__What the task asks__
Print out all of the records exactly; no picture belongs in the result.

__Task material__
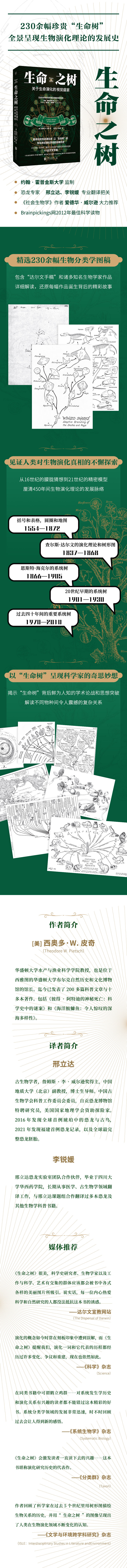 《生命之树》是一本令人印象深刻的生物分类学图书,很少有图书会通过介绍大量专业图表的方式来梳理演化学说的发展历程。对生物学史研究者和生物分类学爱好者来说,这本书是十分珍贵的参考资料。作者精心挑选出 230 余幅极具代表性的树状图,并对它们逐一进行了介绍,分析了其科学意义和局限性。书中内容条理清晰,体例完整,细致地介绍了 5 个世纪以来科学家们不断完善演化学说的过程,有很高的学术价值。对普通读者而言,这是一本翔实又有趣的科普书籍。读这本书时,不仅能学到各种各样的生物学知识,还能了解那些发生在知名生物学家身上的故事,窥见他们智慧的一角。
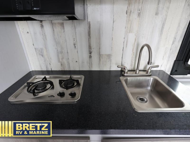 Weekends at the campground are made easy with this travel trailer that can sleep four each night. Once you've unpacked your things, you can stretch your legs around the camp, then head inside to make lunch. You'll find a two burner stainless steel cooktop in the kitchen, along with a 12V refrigerator and a pantry for food storage. There is also a closet with a pull out trash can below that will be perfect to keep cleaning supplies or paper goods in. When it's time to turn in for the night, there are 28" x 72" bunk beds that share the rear of this unit with the private bath, plus a front booth dinette that can convert to a queen-size sleeping space. This travel trailer also includes plenty of storage space, including storage shelves in the bath and above the dinette!
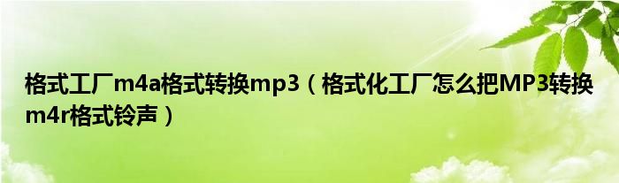 大家好,今天小悦来为大家解答以上问题。格式工厂m4a格式转换mp3,格式化工厂怎么把MP3转换m4r格式铃声很多人还不知道,现在让我们一起来看看吧!
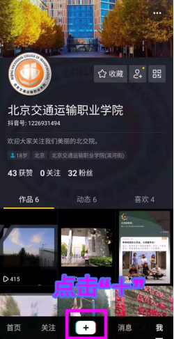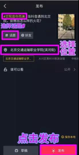 视频发布时添加挑战 #跃动青春魅力北交院#
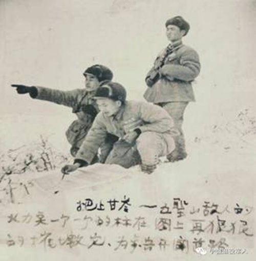 1952年12月,在五圣山偵查敵人火力點,左1為張仕鵬

__Response area__
 《生命之树》是一本令人印象深刻的生物分类学图书,很少有图书会通过介绍大量专业图表的方式来梳理演化学说的发展历程。对生物学史研究者和生物分类学爱好者来说,这本书是十分珍贵的参考资料。作者精心挑选出 230 余幅极具代表性的树状图,并对它们逐一进行了介绍,分析了其科学意义和局限性。书中内容条理清晰,体例完整,细致地介绍了 5 个世纪以来科学家们不断完善演化学说的过程,有很高的学术价值。对普通读者而言,这是一本翔实又有趣的科普书籍。读这本书时,不仅能学到各种各样的生物学知识,还能了解那些发生在知名生物学家身上的故事,窥见他们智慧的一角。
 Weekends at the campground are made easy with this travel trailer that can sleep four each night. Once you've unpacked your things, you can stretch your legs around the camp, then head inside to make lunch. You'll find a two burner stainless steel cooktop in the kitchen, along with a 12V refrigerator and a pantry for food storage. There is also a closet with a pull out trash can below that will be perfect to keep cleaning supplies or paper goods in. When it's time to turn in for the night, there are 28" x 72" bunk beds that share the rear of this unit with the private bath, plus a front booth dinette that can convert to a queen-size sleeping space. This travel trailer also includes plenty of storage space, including storage shelves in the bath and above the dinette!
 大家好,今天小悦来为大家解答以上问题。格式工厂m4a格式转换mp3,格式化工厂怎么把MP3转换m4r格式铃声很多人还不知道,现在让我们一起来看看吧!
 视频发布时添加挑战 #跃动青春魅力北交院#
 1952年12月,在五圣山偵查敵人火力點,左1為張仕鵬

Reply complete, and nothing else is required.